Here are a few main takeaways from the Resource Guide:
- Ideas for Auditing: The Resource Guide contributes to the critical conversation about how to evaluate compliance program effectiveness by listing additional ideas on what to audit and how to audit those areas. The items listed in the Resource Guide generally center on ideas on auditing and monitoring compliance program elements, such as periodically reviewing training and policies and procedures to ensure that they are up-to-date, understandable to staff and accurately reflect the business process as performed in practice. Legal and compliance can use this document to identify those particular elements that may be most applicable to their individual organization.
Organizations would also benefit from considering the questions listed in the new compliance program guidance issued in February by the US Department of Justice (DOJ) Criminal Division’s Fraud Section, “Evaluation of Corporate Compliance Programs” (DOJ Guidance), as part of examining compliance program effectiveness. (We covered the DOJ Guidance previously.) Health care organizations may also use the various provider-specific compliance program guidance documents created by OIG over the years as another source for ideas on what to measure.
- Not a Mandate: The Resource Guide is very clear that it is not intended to be a “best practice”, a template, or a “‘checklist’ to be applied wholesale to assess a compliance program.” This clarification is an important one since there is the potential for the Resource Guide to be (incorrectly) viewed by qui tam relators or others as creating de facto compliance program requirements or OIG recommendations.
- How to Measure: The Resource Guide does not delve into how or who should undertake or contribute to the effectiveness review.
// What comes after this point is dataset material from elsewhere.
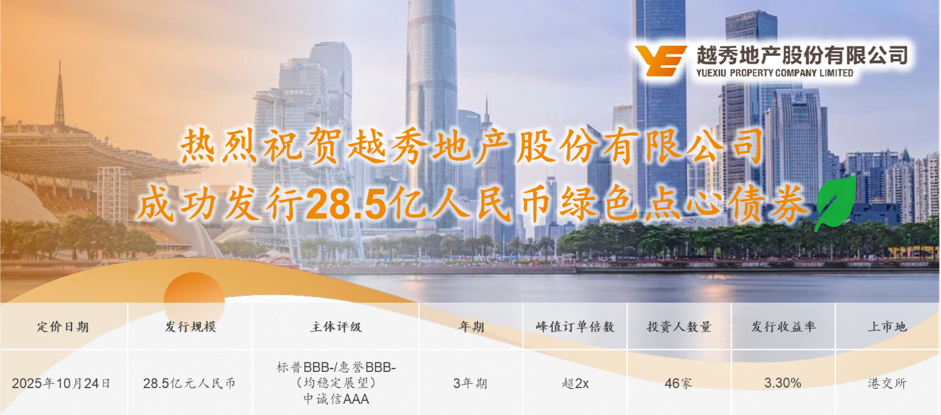 近日,越秀地产成功发行一笔规模为人民币28.50亿元,年期3年的绿色点心债券,票面利率为3.30%;本次发行不仅成为地产行业迄今单笔发行规模最大的绿色点心债券,同时创下近五年来中资房企点心债券的最低发行收益率。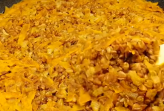 - Сверху положите половину творожной массы и снова слой яблок. Покройте оставшейся белой смесью.

Who conducts the review is a question that may have legal significance given the nature of a particular issue. General counsel and the chief compliance officer should consider this issue as part of the organization’s ongoing compliance program review. It may be valuable to include the organization’s regular outside white collar counsel to comment on such critical, relevant legal considerations as the proper conduct of an internal investigation; preserving the attorney-client privilege in appropriate situations; coordinating communications between legal, compliance and internal audit personnel; and applying “lessons learned” from the practices of qui tam relators and their counsel. Outside consultants may also have useful expertise and insight to contribute. In some situations, the organization may want to undertake a compliance program assessment conducted under attorney-client privilege as part of advising the executive team and the board audit and compliance committee.
Perhaps the greatest benefit of the Resource Guide is the extent to which it serves as a catalyst for closer, coordinated consideration of the metrics by which compliance program effectiveness may be measured by legal and compliance personnel and the audit and compliance committee. The Resource Guide is one of several resources that can be referenced by the general counsel and the chief compliance officer as they work together to support the organization’s audit and compliance committee in reviewing compliance program effectiveness.